Industrial organization.

AuthorRose, Nancy L.
PositionProgram Report

The NBER's Program on Industrial Organization (IO) begins its third decade with a core of 60 program members, including 15 whose primary affiliations are in another NBER Program. The Program's meetings attract submissions from a large and diverse set of researchers, and are lively sessions with 75 to 90 scholars typically in attendance. The IO Program produces important applied research on a broad range of industries and topics, increasingly at the intersection with such other NBER Programs as Environmental and Energy Economics, Productivity, and Health Care. That commonality is recognized with frequent joint program meetings and contiguous Summer Institute sessions with other NBER groups. In 2012, IO Program members Aviv Nevo and Ariel Pakes delivered the annual Summer Institute Methods Lectures, focusing on the econometrics of demand estimation and related methodologies.

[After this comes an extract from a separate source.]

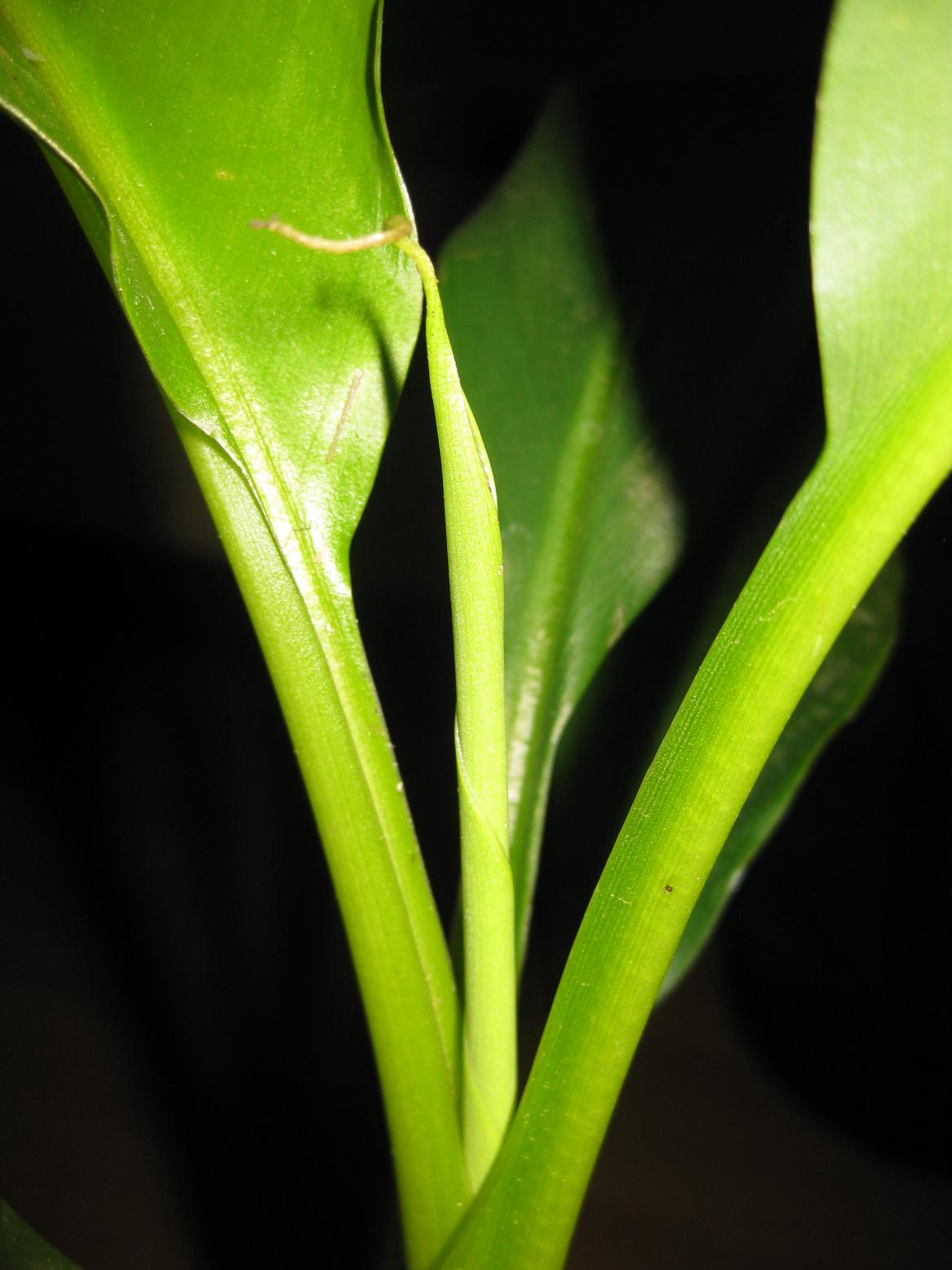 Gleich umgetopft (Blumenerde mit Kies gemischt), gegossen mit Superthrive und heute kommt schon das erste neue Blatt: Das war gestern Mittag noch nicht zu sehn!

This report describes work in just three of the Program's areas: modeling consumer choice; the industrial organization of the digital economy; and lessons for designing government auctions. Readers interested in exploring the broader range of NBER work in IO are encouraged to visit https://www.nber.org/papersbyprog/IO.html

Consumer Choice

Empirical economists in the field of IO have devoted substantial attention to modeling the determinants of demand across a variety of settings. For some time, NBER researchers have been active in the design, innovation, and evaluation of methods to estimate demand based on neoclassical theories of consumer utility maximization. Nevo and Pakes discussed this in their 2012 Methods Lectures (1) and dozens of NBER Working Papers have been published in this area. (2) In recent years, empirical researchers increasingly have turned their attention to analyzing the underpinnings of individual choice, for example characterizing the implications of deviations from standard neoclassical models of optimization behavior and the role of information in markets.

Consumer Behavior

The detailed microdata that are the mainstay of much empirical IO research have proved useful for identifying departures from conventional models of consumer utility maximization. A body of work in this area has looked at automobile purchases, one of the most significant consumer purchase decisions for most households. Meghan Busse, Florian Zettlemeyer, and co-author Duncan Simester (13140) document consumer responses to "price cues" in the context of a Big Three automaker "Employee Discount Pricing" promotion in the summer of 2005. They find that consumers responded to this promotion with unprecedented increases in new car purchases, even though prices during the promotion were not substantially lower than immediately prior to it. Indeed, sales increased even for some models with higher prices during the promotion. While the researchers point out that this behavior can be consistent with rational reliance on (noisy) price signals, their results are cautionary for those who would model consumers as responding primarily to observed prices. In another paper on auto purchases, Nicola Lacetera, Devin Pope, and Justin Sydnor (17030) look at heuristic information processing in used car purchases. They find that sale prices drop discontinuously at exactly 10,000 mile odometer readings, consistent with customers focusing on the leftmost digit of the odometer reading rather than incorporating the full odometer reading into their valuation. They estimate $2.4 billion of mispricing as a result. Busse and Pope and their co-authors (18212) use a sample of 40 million vehicle purchases and 4 million house purchases to explore the role of projection bias -- the tendency to over-predict the degree to which one's future tastes will resemble one's current tastes -- in purchasing behavior. They find that weather at the time of purchase overly influences purchase decisions for these major durables. They meticulously explore alternative explanations for this finding, and their results rule out explanations grounded in neoclassical utility maximization. For example, spring or fall days that are unusually warm and sunny induce additional convertible sales, which are not merely timeshifted. Moreover, the convertibles purchased on such days are more likely to be traded in quickly, consistent with misestimating future tastes.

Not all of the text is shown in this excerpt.